JuliaCon 2026

Symbolic post-hoc analysis with SolePostHoc.jl
2026-08-13 , Room 2

Symbolic learning is a branch of machine learning focused on building classifiers that can be translated into logical rules, making them far more readable than neural networks or other statistical models. While training a symbolic model is a necessary first step, it is the post-processing stage that yields the most relevant insights. We present a live walkthrough of SolePostHoc.jl, a SOLE package dedicated to post-processing, allowing for rule extraction, boosting and model simplification.

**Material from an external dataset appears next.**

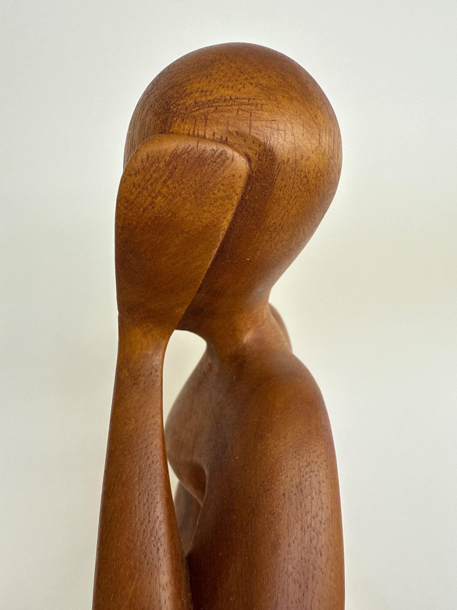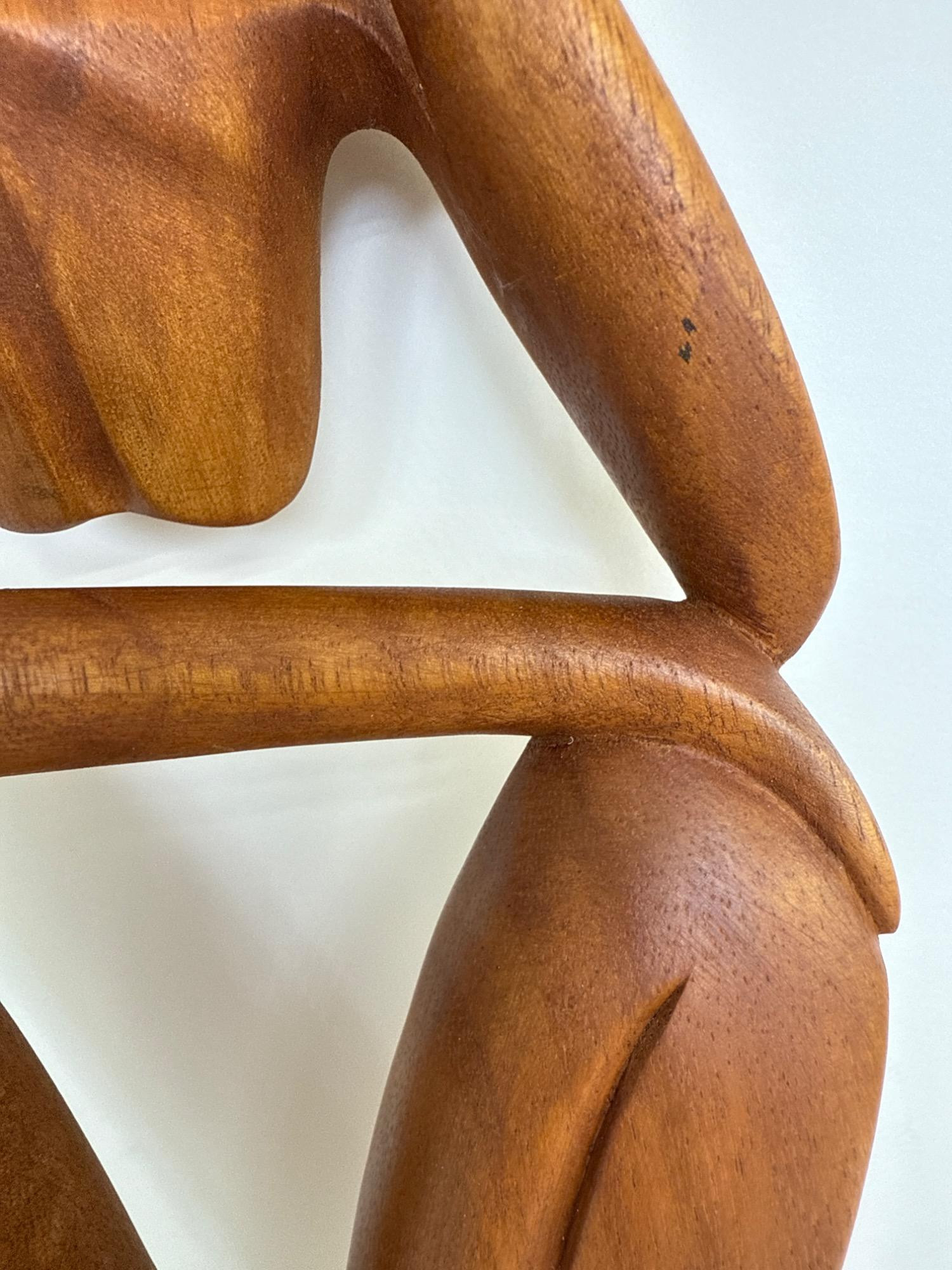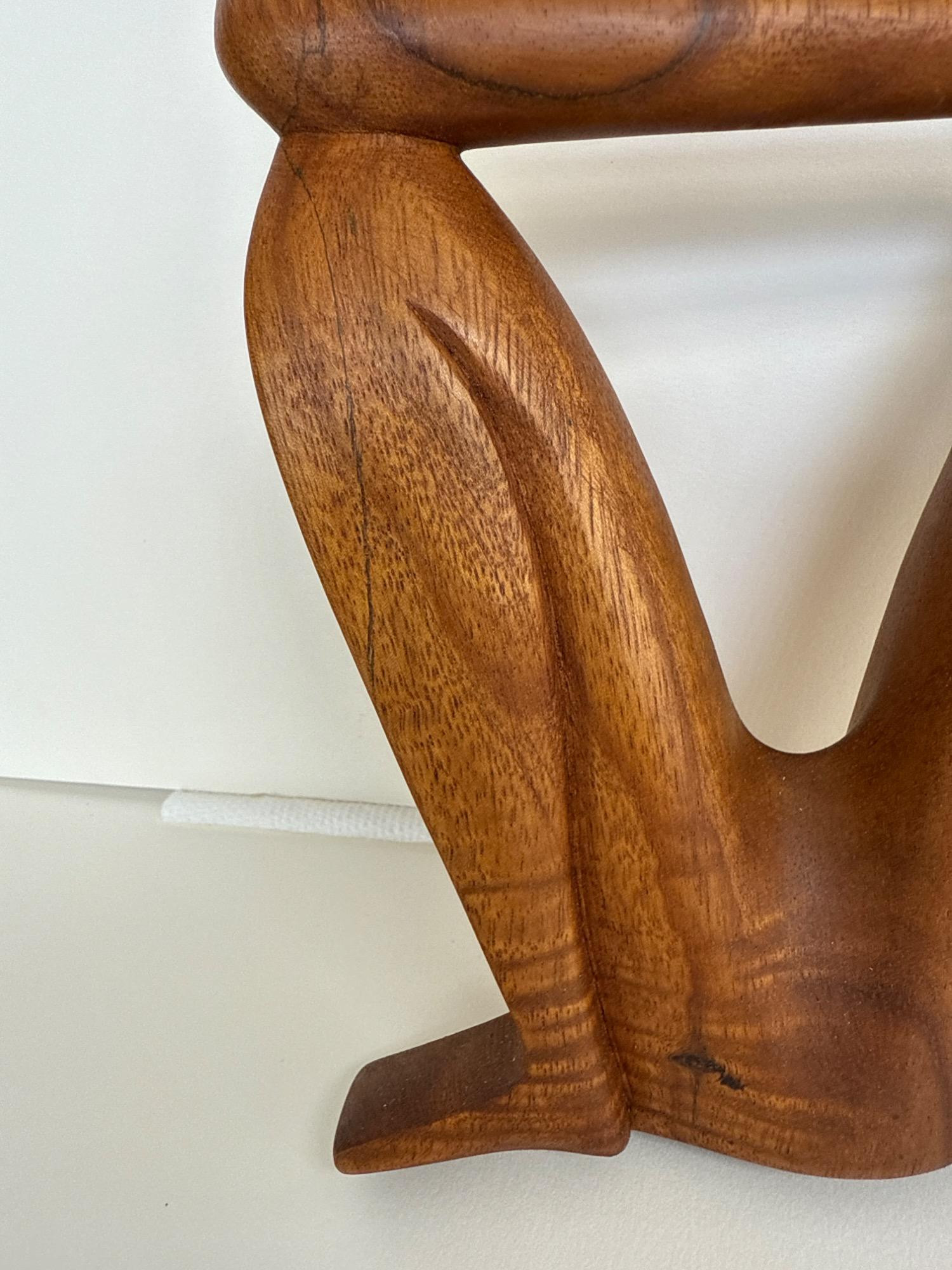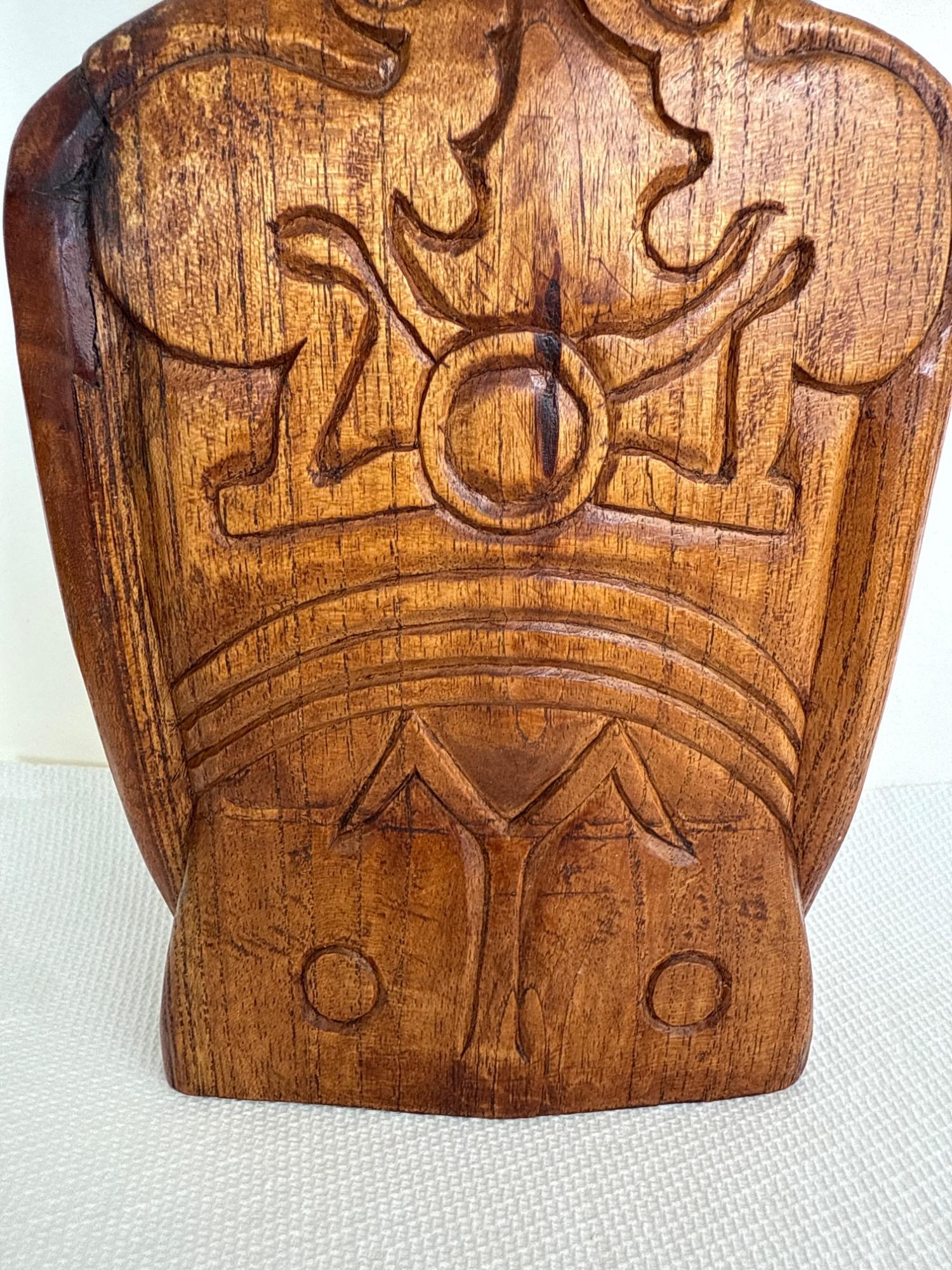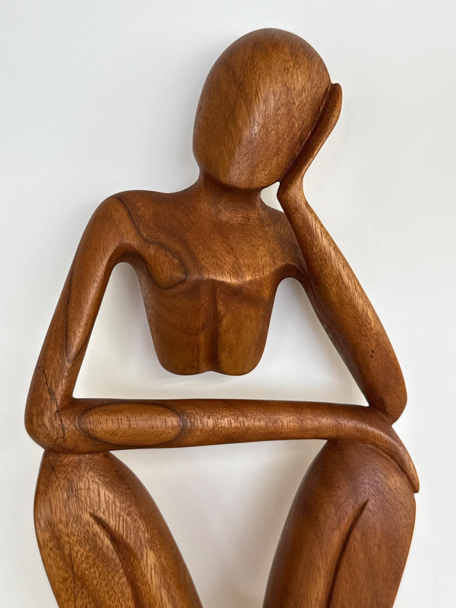This stunning set features two hand-carved wooden sculptures, each rich in character and craftsmanship. Together, they offer a powerful blend of cultural depth and emotional expression. The first piece is a Maori-style Tiki statue, bold and detailed with traditional carvings and symbolic imagery on the reverse. This vintage carving may represent spiritual protection or ancestral wisdom. The base is marked with “50Q DOLLIR,” suggesting an earlier artisan price or identifier. The second is the serene “Thinking of You” sculpture, handcrafted by artist Wirata for Novica, in association with National Geographic. With clean, elegant lines, this figure captures a moment of contemplation and calm. It’s signed by the artist and labeled “INDONESIA” underneath. Dimensions: Maori statue: 12 inches tall × 5.5 inches long × 3 inches wide Novica "Thinking of You" sculpture: 12.2 inches tall × 6.2 inches wide

Symbolic learning studies algorithms that produce models expressible as logical rules. Common examples include decision trees and random forests, whose predictions can be traced back to human-readable conditions on the input data. This interpretability makes symbolic models particularly valuable in domains where understanding why a model makes a decision matters as much as the decision itself.

This session is structured as a hands-on demo on the SolePostHoc.jl package, which serves as the post-hoc analysis layer of the SOLE ecosystem. Starting from training a decision tree on a real dataset, we walk through what SolePostHoc.jl allows from that point onward:

  • Rule extraction: deriving explicit logical rules from a symbolic model through a uniform interface, supporting multiple extraction algorithms;
  • Rule simplification and manipulation: collapsing redundant or overlapping rules into more succinct, equally expressive theories; for instance, reducing IF A AND B THEN C; IF A AND NOT B THEN C to the simpler (but equivalent) IF A THEN C;
  • Surrogate methods and knowledge distillation: approximating more complex models with interpretable surrogates, transferring knowledge into transparent representations;
  • Model boosting and certification: enhancing model capabilities boosting performance on a specified metric or ensuring the satisfiability of a desired feature or constraint.

Arguably, post-hoc analysis is the stage where symbolic learning delivers on its core promise: turning a trained model into usable, understandable knowledge. SolePostHoc.jl aims to give this stage the attention it deserves, providing a reliable and extensible toolkit for anyone interested in interpretability and explainability, from newcomers to experts looking for a fully customizable system.

Hi, my name is Marco Perrotta. I'm a master student in computer science at the University of Ferrara, where I also work as a collaborator at the Applied Computational Logic and Artificial Intelligence Lab. My main interest is how technology can be used to understand and study language.